O da kendine göre yaptığının çok mühim olduğunu düşünmüş, kendince haklı da.

  Anneannem sabahları el süpürgesini alıp kapı önünü süpürmeye başladığında,  komşularla ancak böyle  sohbet edermiş onun dışında pek  gelip gideni yokmuş, 


 Anneannem şu an  yatağında sessizce yatarken bunlar zihninden geçiyormu acaba... 

İnsanın  gençliğindeki kişilik ve karakter yapısı yaşlandığında içindeki gizli pıhtılar dışarı çıkıyor artık ne düşündüğünü saklayamıyor.

 Yaşlılar  çocuklara çok benziyor. Yaşlılarla çocukları birbirinden ayıran en büyük özellik, yaşlılar çocuklar kadar masum değil!

  Davranışları çocuksu olsa da halen içlerinde büyük bir insanın  mantık kırıntıları var. Yaşlılar bu günü pek hatırlamasa da geçmişi hiç unutmaz  hatta geçmişte yaşarlar.

  Gençliğinde  agresif bir insan yaşlılığında melaike olmuyor, hatta yaşlılığını kullanabiliyor, kalp kırıp sonrada ben yaşlıyım sende yaşlan da görürsün diyebiliyor.Gençliğinde mülayim olan insanlar yaşlandığında da  mülayim  oluyor ve artık  ebedi alemi kabulleniyor ötesi için ne yapabilirim bir gün gidersem arkamdan daha iyi anılmak için nasıl hayırlar işlerim diye düşünüyor.
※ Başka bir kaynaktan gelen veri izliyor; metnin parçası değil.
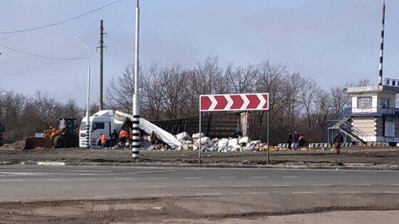 Причиной ДТП мог стать густой туман на дороге. Как стало известно интернет-изданию «Новости Саратова» в одной из групп в соцсети «Вконтакте», инцидент с фурой произошел 7 апреля на участке федеральной трассы, проходящей через Калининск. По предварительным данным, в результате случившегося никто не пострадал. В комментариях пользователи соцсети отмечают, что на дороге плохая видимость. Очевидцы случившегося пишут, что водитель грузовика MAN с краснодарскими номерами мог попросту не заметить кольцо и не вписался в поворот. Прицеп фактически рассыпался и на земле оказался весь груз — банки с краской. Проезжая часть залило голубой краской. Фото: соцсети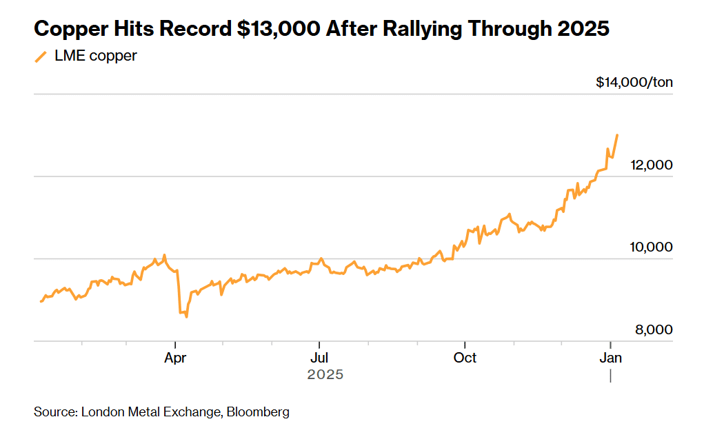 国际铜价在首次突破每吨 13000 美元后延续强劲涨势,新一轮向美国运铜的热潮,让交易商与投资者的多头情绪愈发高涨。此外,在供应担忧加剧的背景下,市场预期委内瑞拉的动荡也可能加速对关键矿产的争夺。

  Diğer tür ise  eyvah! ben daha ölmemeliyim diye düşünüyor,  o da biliyor  yaptıklarının doğru olmadığını. Arkasında ne iyi bir anı nede anılacak bir hayır bırakmayacağını iyi biliyor.

Son çırpınışlarını yaparken daha fazla insan kırdığının farkına bile varmıyor.

Ruhumuzdaki çocuğun ruh hali hiç bir zaman değişmiyor,yedisinde ne ise yetmişinde de o oluyor.

 O yüzden ''yaşlandı da böyle oldu''  sözleri sadece   içinde olduğumuz durumu kurtarmak için söylenmiş bir yalandan ibaret...



  Düşününce  anneannem de anneme  sahip çıkmamış  annem babamdan yıllarca çekmiş. Babam alkol alıp eve sarhoş gelir bazen hiç gelmez,  ne tarla ne evle hiç ilgilenmez ve en acısı da bizden başka, kaç  kadından kaç çocuğu olduğu bile belli olmayan birine katlanmak zorunda kalmış annem. Üstelik bir de kayın valide dırdırı çekmiş.

  Yıllarca hep annem çalışmış. Tarla, hayvan bir de çocuk  şimdi düşünüyorum da hayat ne kadar tekerrürden ibaret. Anneannem, anneme sahip çıkmamış, yada çıkamamış. Aynı şeyi annem bana yaptı,yada yapmak zorunda kaldı. Suçlayamam,kendine sahip çıkamayan yavrusuna nasıl çıksın.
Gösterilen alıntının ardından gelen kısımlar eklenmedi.